As computers grow ever more powerful, we humans have to figure out where we still remain superior. Here’s one suggestion: Although the Internet is full of endless reams of data, it takes a human mind to suss through it all and determine what qualifies as interesting to other humans. Thus, we at ITworld present you with the following anecdotes about technology and the Internet, guaranteed to have been selected by the human hand and eye to pique your interest. Hopefully, robots won’t take this job for another few years.

A classic Hollywood film star and an avante-garde composer helped invent Wi-Fi

Hedy Lamarr is a famous beauty of classic Hollywood. She was also mathematically gifted and had learned a lot about weapons systems from her first husband, an arms manufacturer. She was friends with George Antheil, an avante-garde composer with similarly broad interests (he wrote a book on endocrinology). Together, during World War II, the two of them patented a technology that would allow radio signals to torpedos to hop from frequency to frequency and avoid being jammed. The Navy rejected it at the time, but took it up 20 years later during the Cuban Missile Crisis, and the patent figured into the development of numerous broadcast standards, including Wi-Fi.

A killer may have gone free because she used Firefox

The 2011 trial of of Casey Anthony was extremely high profile, and the police, as in virtually all murder cases, examined evidence on the computer Anthony shared with her parents, including its search history. But only after Anthony was acquitted did her defense attorney reveal that incriminating search terms involving poisoning and suffocation were present, but never brought up by prosecutors. It appears that prosecutors had carefully pored over the search history from Internet Explorer —but not from Firefox, Anthony’s preferred browser.

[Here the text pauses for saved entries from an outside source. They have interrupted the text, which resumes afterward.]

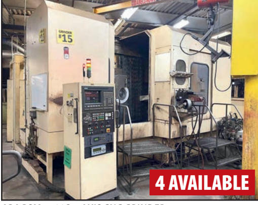
ABA PSM-1500S 4-AXIS CNC GRINDER
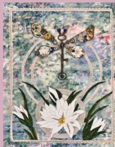
Sweet Dragonfly, Carole Price
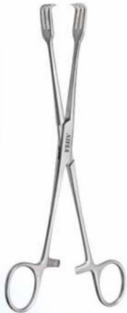
UTERINE TENACULUM FORCEPS SCHRODER NB-279 10 3/4"
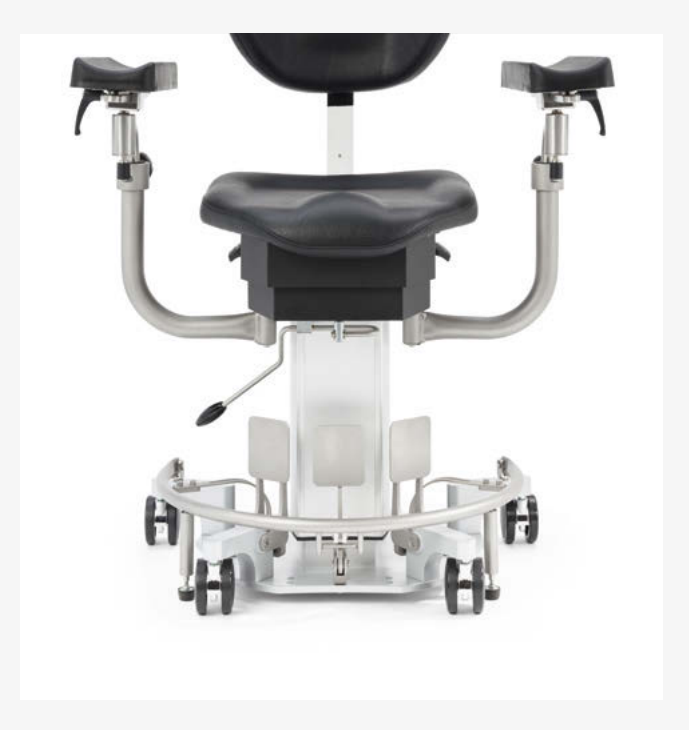
Heal controls: seat up, roller fixing, seat down
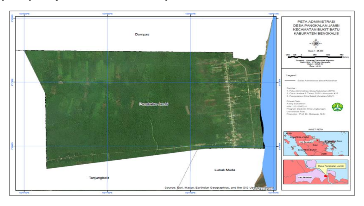
Figure 1. Administrative map of Pangkalan Jambi Village, Bukit Batu District, Bengkalis Regency

The time of the research was carried out in 2022. The research location was in Pangkalan Jambi Village, Bukit Batu District, Bengkalis Regency. The research location can be seen in Figure 1.
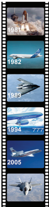
From top to bottom: Space Shuttle, Airbus A320, B-2 Stealth Bomber, Boeing 777, Dassault Falcon 7X, and Joint Strike Fighter X35

Digital fly-by-wire (DFBW) is one of many success stories where technology developed under the U.S. space program has proven beneficial in other areas. Based in part on a recommendation from Neil Armstrong, who was directly familiar with the Apollo Guidance Computer through his historic lunar landing, NASA's Dryden Flight Research Center chose to work with Draper Laboratory to adapt the concept for aircraft, beginning with experimentation on a U.S. Navy F-8 Crusader in 1972.
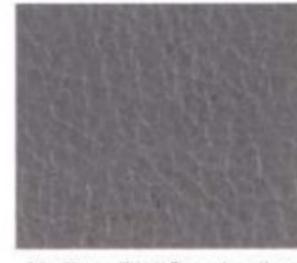
Medium Flint Grey Leather Optional on XLT
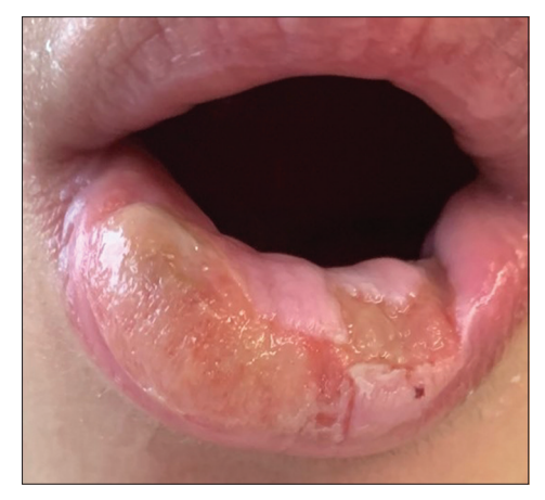
Figure 1b: Multiple lower lip ulcers, coalescing in some areas, with active raised borders

Recurrent aphthous stomatitis is a clinical diagnosis made after thorough clinical exclude assessment and investigations [Table 1] have been used to exclude underlying systemic causes.6 It can be divided into mild or severe disease known as simple and complex aphthosis, respectively. Simple aphthosis is common, with small and few episodic ulcers healing quickly with minimal pain and disability. Complex aphthosis is uncommon and can be episodic or continuous, with large slowhealing ulcers associated with marked pain and disability. The patient was diagnosed with primary idiopathic major complex recurrent aphthous ulcers, which is a diagnosis of exclusion. The pathogenesis is poorly defined, with predisposing factors including genetic, haematological, vitamin deficiencies, oral trauma, smoking and stress.<sup>6</sup> In our patient, an element of oral trauma in the form of self-biting contributed to the worsening of her oral ulcers. While hitherto there were no associated genital ulcers, eye complaints, papulopustular skin lesions or pathergy that fulfilled the diagnostic criteria of Behcet disease, complex aphthosis could be a forme fruste of the disease and our patient will be followed up over time.7 Inflammatory bowel disease was
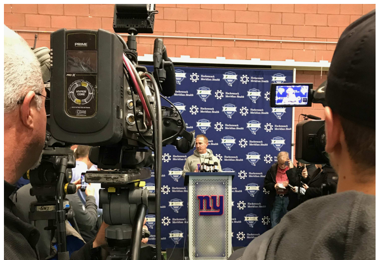
Steve Spagnuolo takes the helm as Giants head coach.
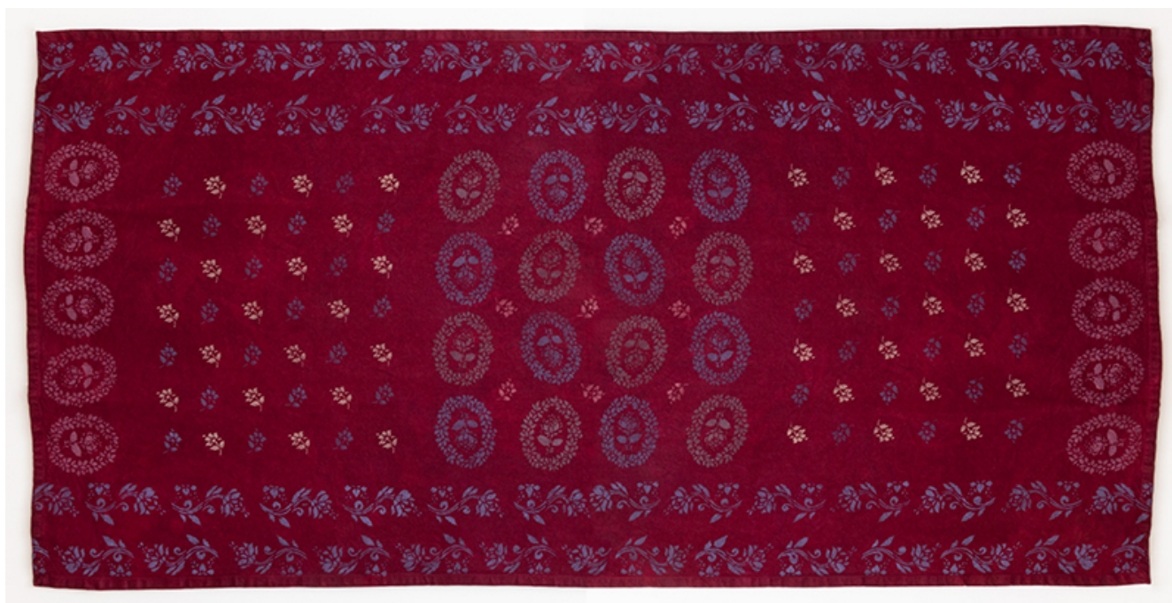
Antonia Munroe Carmine Tapestry , 2022 hand dyed and printed on linen 52 x 106 inches $2,500
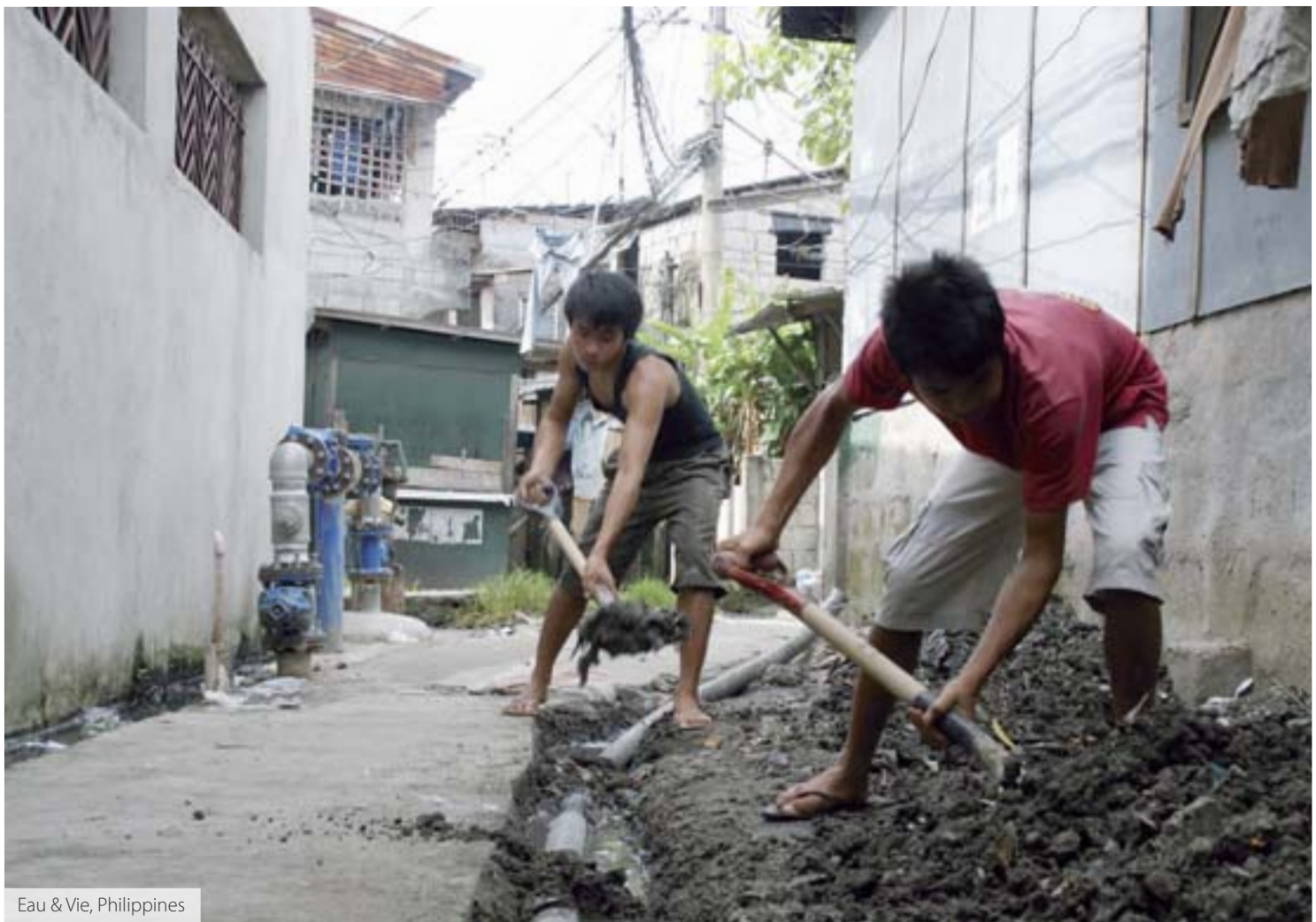
Eau & Vie, Philippines

A programming error led to one of the largest losses of American lives in the Gulf War

One of the deadliest attacks on American soldiers during the 1991 Gulf War came when an Iraqi Scud missile hit a U.S. Army barracks near Dharan, Saudi Arabia, killing 28 people. The nearby Patriot missile battery failed to intercept the Scud, and it turns out that the Patriot had a software bug: one part of its internal calculations used a decimal representation of time, and one part used a binary representation. Since the error derived in part from the Patriot’s internal clock, itgot worse the longer the system went without a reboot — and during the war, the Patriots were always on alert and never rebooted. The missile that hit Dharan, it turns out, was the last one Iraq fired.

One of the first Computer Science Ph.D.’s was earned by a nun

Mary Kenneth Keller earned her place in computer science history. She helpeddevelop BASIC as a grad student, and received a Ph.D. from the Computer Sciences Department at the University of Wisconsin in June of 1965, which tied her for the first doctorate in computer science ever. Irving C. Tang received his D.Sc. at Washington University in St. Louis the same month, which means that, briefly, half of all holders of doctorates in computer science were female.

And, yes, to add the oddball twist to this story: Keller was a nun, a Sister of Charity of the Blessed Virgin Mary, an order dedicated to education. Keller went on to chair the Clarke College CS department for twenty years.